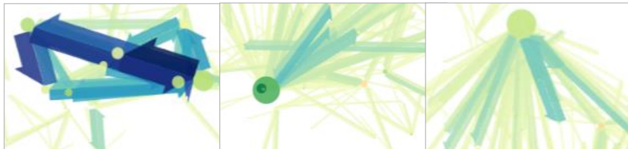
FIGURE 1. Dispositions et gestion des superpositions

Le dessin des différentes couches et de leurs objets est finement paramétrable, afin de tenir compte de l'éventuelle complexité de l'information, en termes de densité, nécessitant une gestion particulière des superpositions et des dispositions des liens et nœuds (voir Fig. 1). Les liens les plus gros sont placés au premier plan par défaut à l'inverse des cercles les plus larges
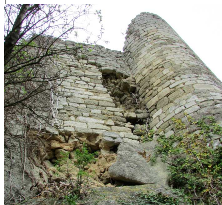
La tour ronde avant les travaux .

Merci à VAC association de sauvegarde du patrimoine et Mémoire de la Drôme qui les ont financés.
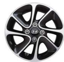
Llantas de aleación de 14 pulgadas (dos tonos)
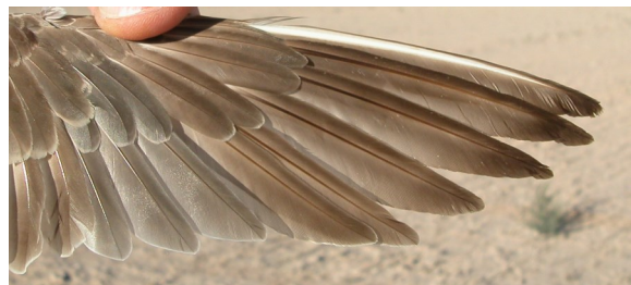
Chorlito carambolo. Otoño. Adulto poco mudado: diseño de primarias (01-IX).
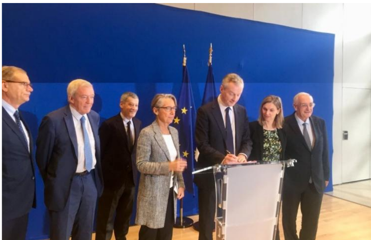
Signature du contrat de filière des industriels de la mer

(sources : GICAN, Observatoire de la métallurgie)
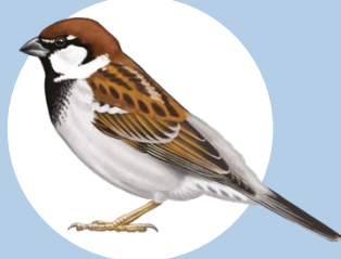
6 Passera d'Italia
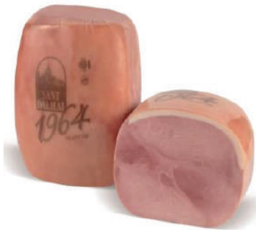
JAMON COCIDO RESERVA (CJ 1U) REF:0045
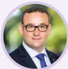
Brice Rabaste, Maire de Chelles
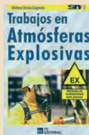
TRABAJOS EN ATMÓSFERAS EXPLOSIVAS Barbara García Gogénola FC Editorial 244 páginas

La mezcla con el aire, en condiciones atmosféricas normales, de sustancias inflamables en forma de gases, vapores, nieblas o polvos, en la que tras una ignición, la combustión se propaga a la totalidad de la mezcla no quemada es una atmosfera explosiva.
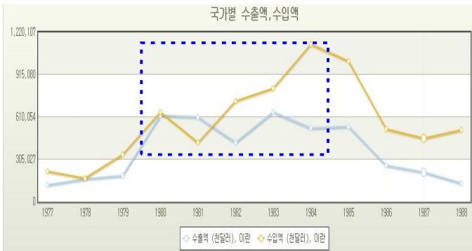
<표 2> 한국-이란 교역 현황(1977-1988)

반면, 전쟁 기간 중 이란의 대(對)한국 접근은 다소 상이한 모습을 드러낸다. 군사적인 접근보다는 경제적인 교역에 집중하는 모습이였다. 대한민국은 1970년대 중동 진출 과정에서 2만여 명 이상의 한국인이 이란 내 건설시장 등에 진출하여 양국관계 발전의 기반을 닦고 경제성장에 크게 기여하였다. 그리고 1970년 후반과 1980년 초 반미성향의 호메이니 정권 등장, 테헤란 미 대사관 인질 사건 등으로 미국과 이란의 관계가 경색되면서 일시적으로 한국-이란 관계가 소원했던 시기가 있었지만, 이는 곧 회복되었다. 이란은 전쟁수행과 경제적 목적을 위해 다른 나라의 지원을 필요로 하였고 한국과의 관계개선에 나섰던 것이었다. 한국과 이란의 경제적 교류는 한국 기업들의 중동 진출과 건설 프로젝트에 집중되었다. 실제로 1981-1984년의 전쟁 초기 기간 한국과 이란의 교역량은 2.5배가량 증가한 것을 볼 수 있다.
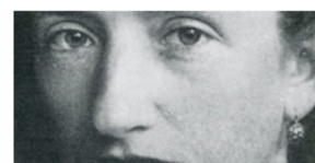
Les Amis de Janet

Ces mémoires, écrits à la première personne, couvrent la période 1939-1945 et se situent dans le village de Valleraugue, où l'auteure a choisi de se mettre à l'abri avec ses enfants. Dans cette chronique où tout fait événement – de la quête de nourriture à l'annonce de l'armistice –, l'écriture, fine et élégante, sait restituer l'émotion des moments les plus forts tout en laissant s'exprimer l'humour, l'insolence et le rire d'une jeune femme profondément éprise de la vie.
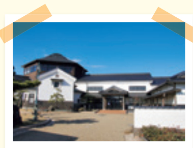
石川ルーツ交流館

答え 伏流水汲み場については研修室近くのものには再整備するが、正面玄関のものは予定はない。また、町内会等で研修室を使用する際の飲食については、今までどおりできないと考えている。
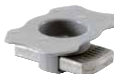
Dado testa a martello FCN AL
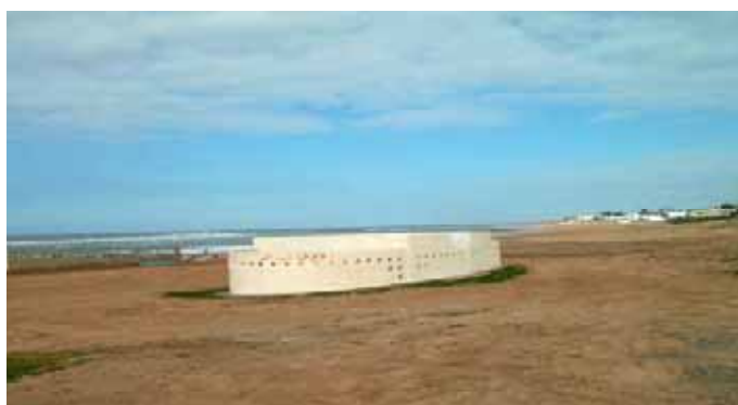
Plage de Sable d'Or
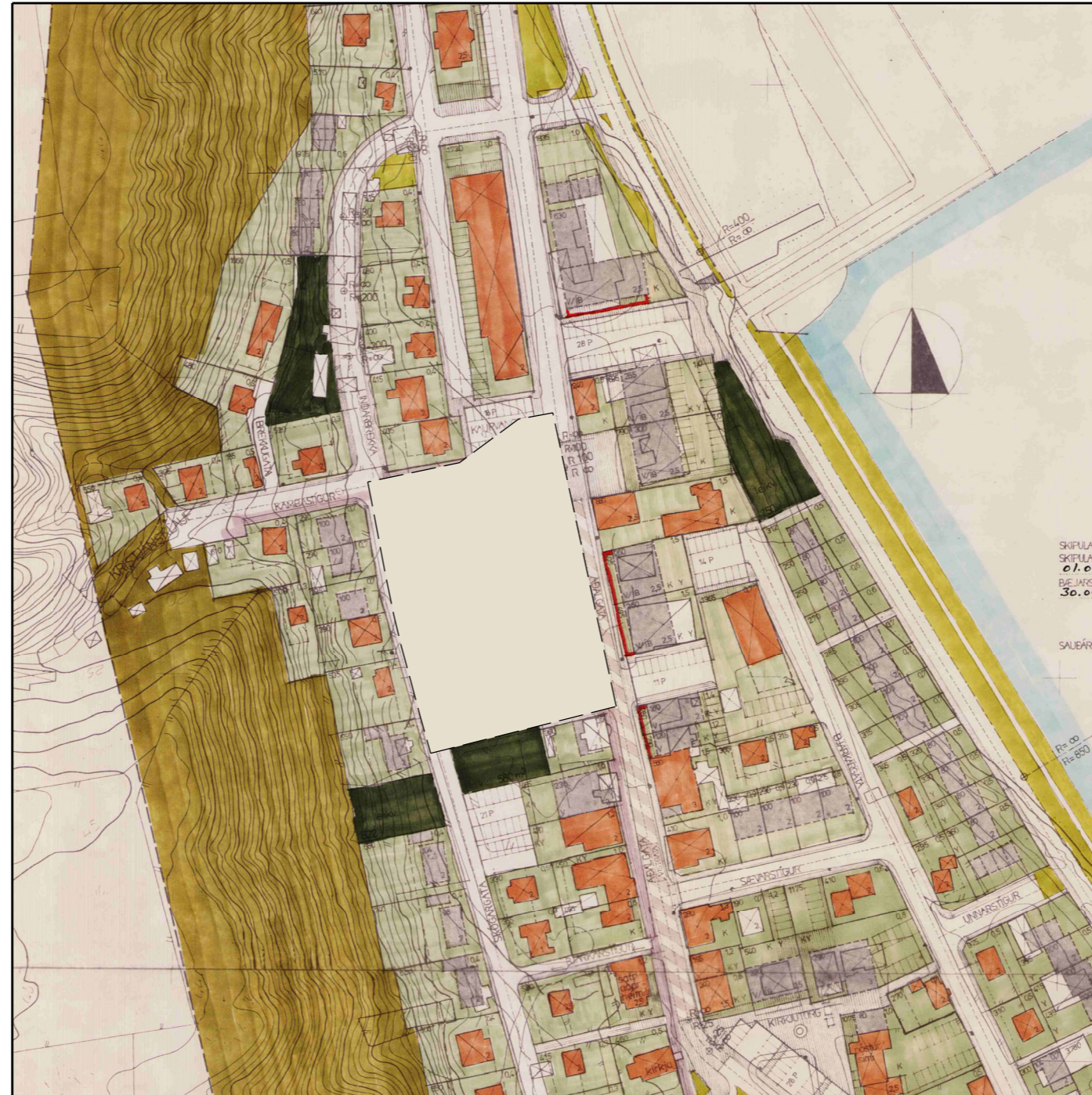
DEILISKIPULAG GAMLA BÆJAR BÆJARINS SKIPULAGSUPPDRÁTTUR - EFTIR BREYTINGU
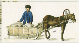
Латвія / Latvians
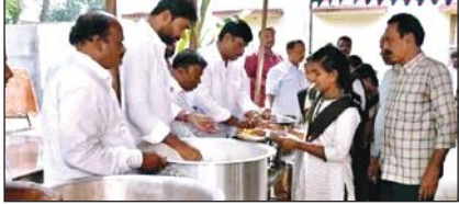
అన్నారు. ప్రతి విద్యార్థి చదువుకొనే కళాశాల విద్యార్థులకు ఈ పథకం ఎంతో సద్వినియోగం చేసుకోవాలని అన్నారు. రాష్ట్ర విద్యాశాఖ మంత్రి విజన్ గలిగిన నాయకులని ప్రతి విద్యార్థిని
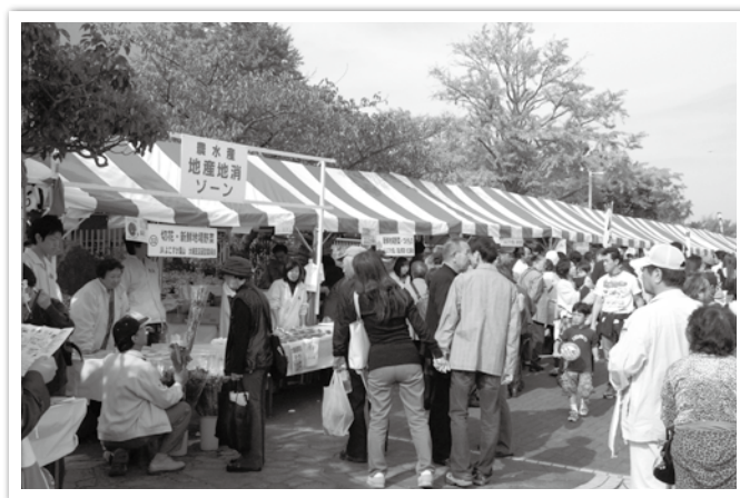
よこすか産業まつり（三笠公園）
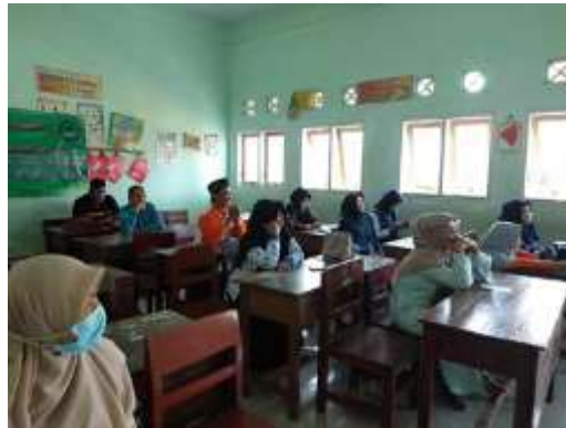
Gambar 2. Penyampaian Materi Penelitian Tindakan Kelas

siklus pertama sudah memenuhi kriteria ketuntasan penelitian sehingga siklus yang kedua merupakan uji konsistensi keberhasilan dari tindakan yang dilakukan dalam siklus sebelumnya. Jika dalam satu siklus kriteria keberhasilan yang sudah ditetapkan belum tercapai maka siklus kedua harus dilakukan dengan memperbaiki perencanaan pada siklus pertama. Dengan kata lain, siklus dalam penelitian tindakan kelas akan berulang-ulang sampai kriteria ketuntasan/keberhasilan yang sudah ditetapkan bisa tercapai.
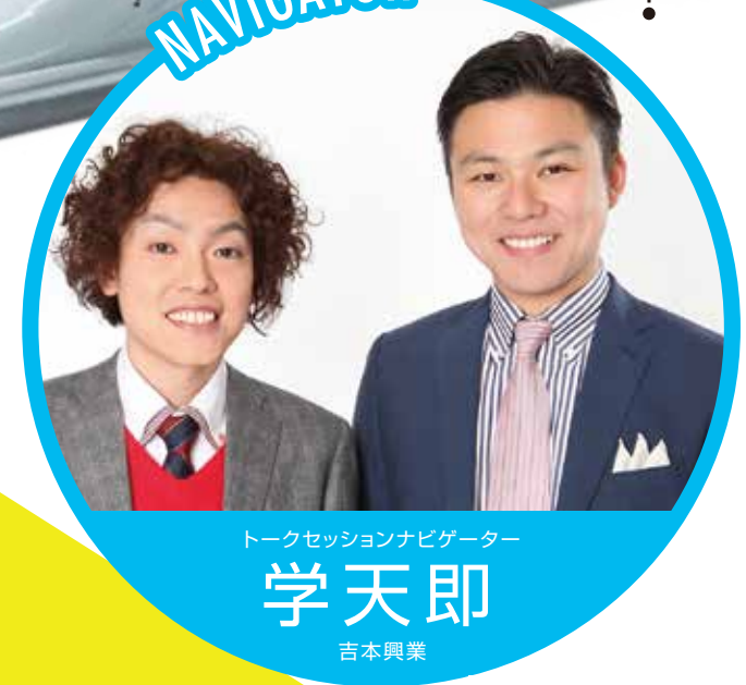
トークセッションナビゲーター
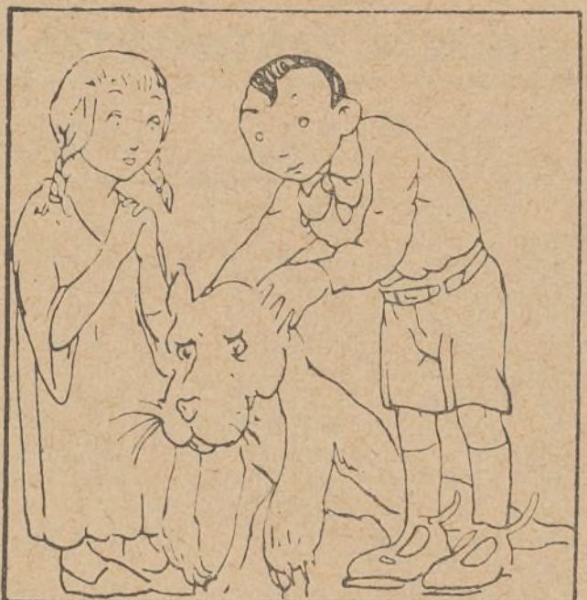
10. Con la piel de leona que su cuarto ornamenta, el perro toma el aire de una fiera cruenta.
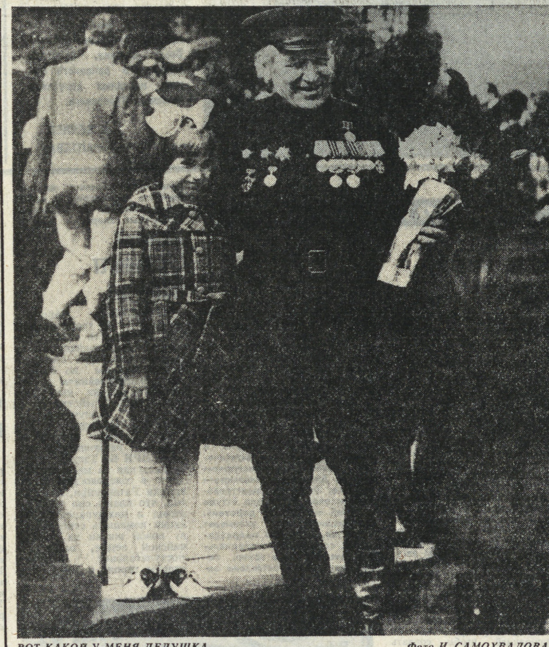
Вот какой у меня дедушка...

А. ПЕЧАТНИКОВА, руководитель группы пропаганды треста «Уралметремонт», Каменск-Уральский.
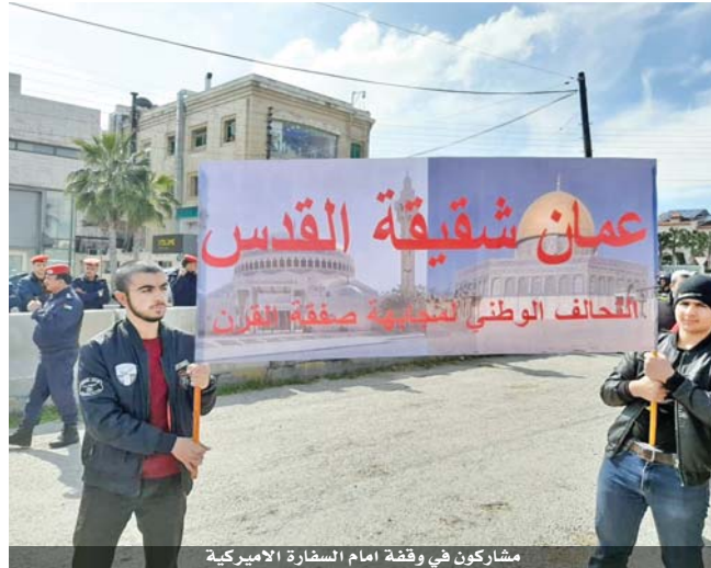
مشاركون في وقفة أمام السفارة الأميركية

وتناول النائب حسني الشياح اتفاق تعزيز التعاون والتنمية بين دول المتوسط، وهو ما يتطلب وضع استراتيجية واضحة، تعنى بمشاريع التنمية ووقف سباق التسلسل الذي أضر كثيراً بالمنطقة. واختتمت في العاصمة اليونانية أثينا أعمال الدورة الرابعة عشر، متضمنة مجموعة من التوصيات ومشاريع قرارات صادرة عن لجنتها الدائمة، كان على رأسها دعم خيار الدولتين والتوصل لتسوية سياسية في ليبيا.
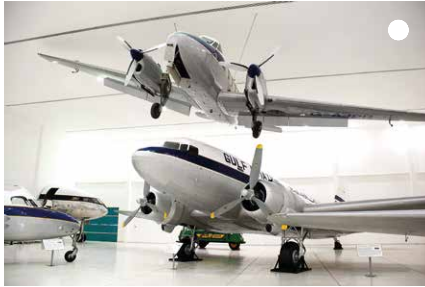
أشاهد الطائرات القديمة
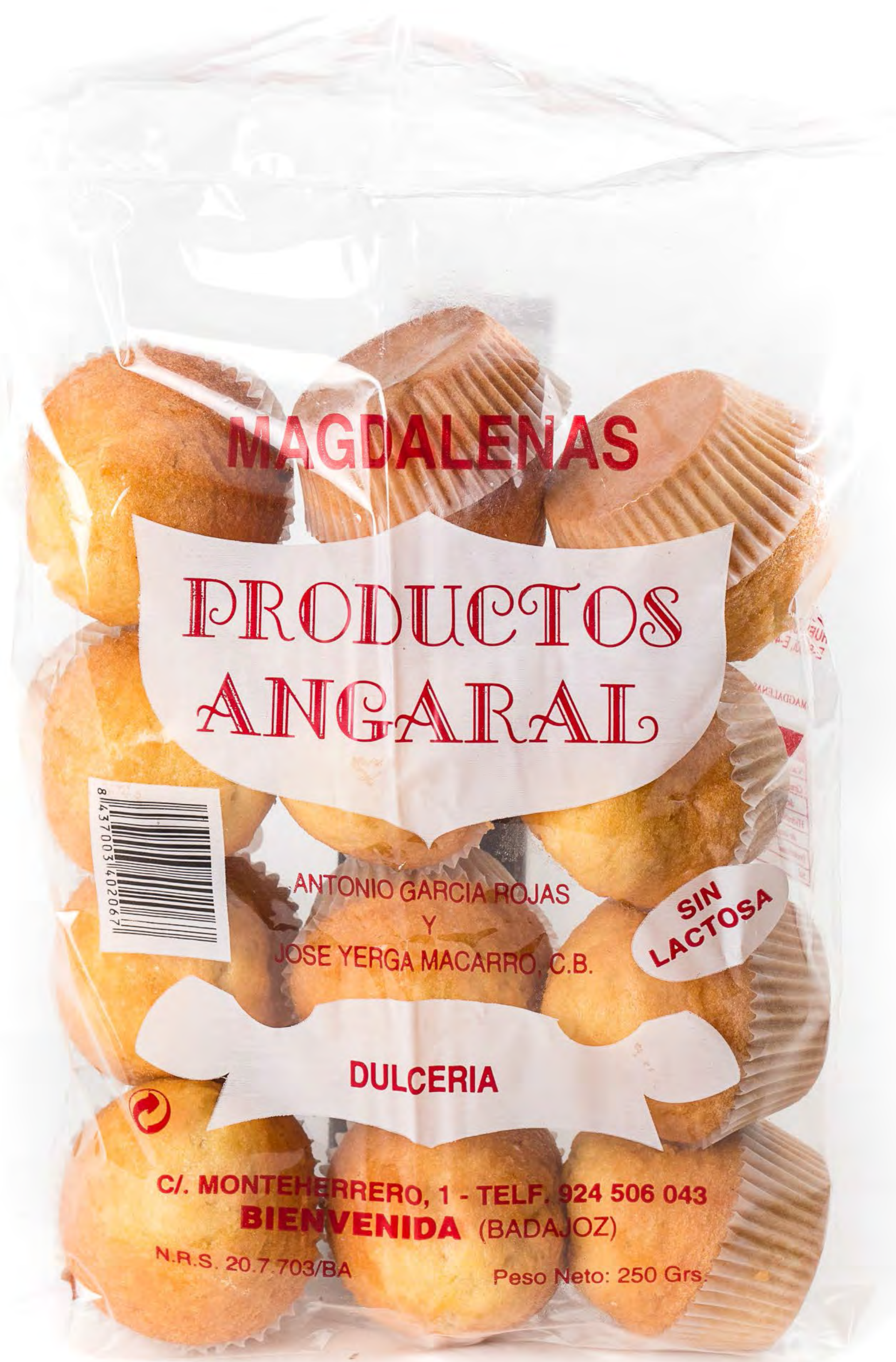
Magd chica aceite oliva 6und/caja
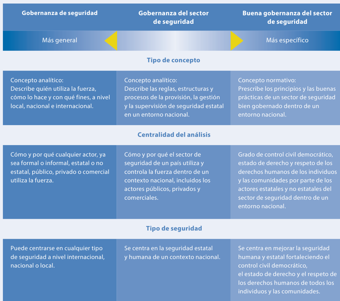
Figura 2 Diferencias entre la gobernanza de seguridad, la GSS y la buena GSS

La gobernanza de seguridad es una versión más general de la GSS que también describe el ejercicio del poder y la autoridad, pero en un contexto más amplio de seguridad internacional; la figura 2 resume las diferencias entre estos tres conceptos.
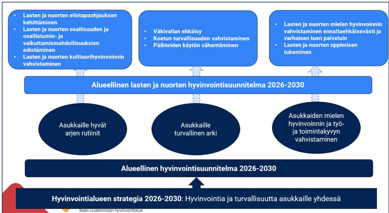
Kuva 7. Alueellinen lasten ja nuorten hyvinvointisuunnitelma 2026–2030
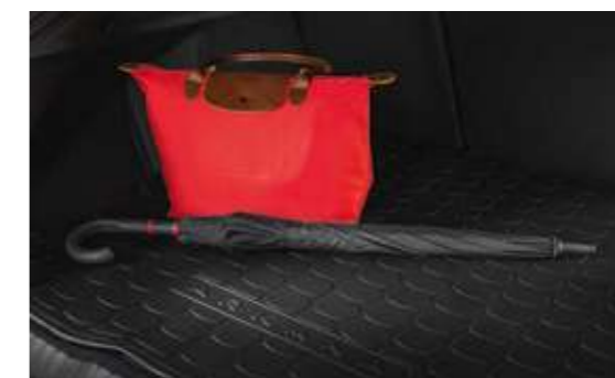
Поддон в багажник

####################

"Signature du contrat" marks the first line to copy, and "TRABAJOS EN ATMÓSFERAS" marks the last. Repeat that stretch above exactly, with no pictures.

→ **RESPONSE BOX**
Signature du contrat de filière des industriels de la mer

(sources : GICAN, Observatoire de la métallurgie)
6 Passera d'Italia
JAMON COCIDO RESERVA (CJ 1U) REF:0045
Brice Rabaste, Maire de Chelles
TRABAJOS EN ATMÓSFERAS EXPLOSIVAS Barbara García Gogénola FC Editorial 244 páginas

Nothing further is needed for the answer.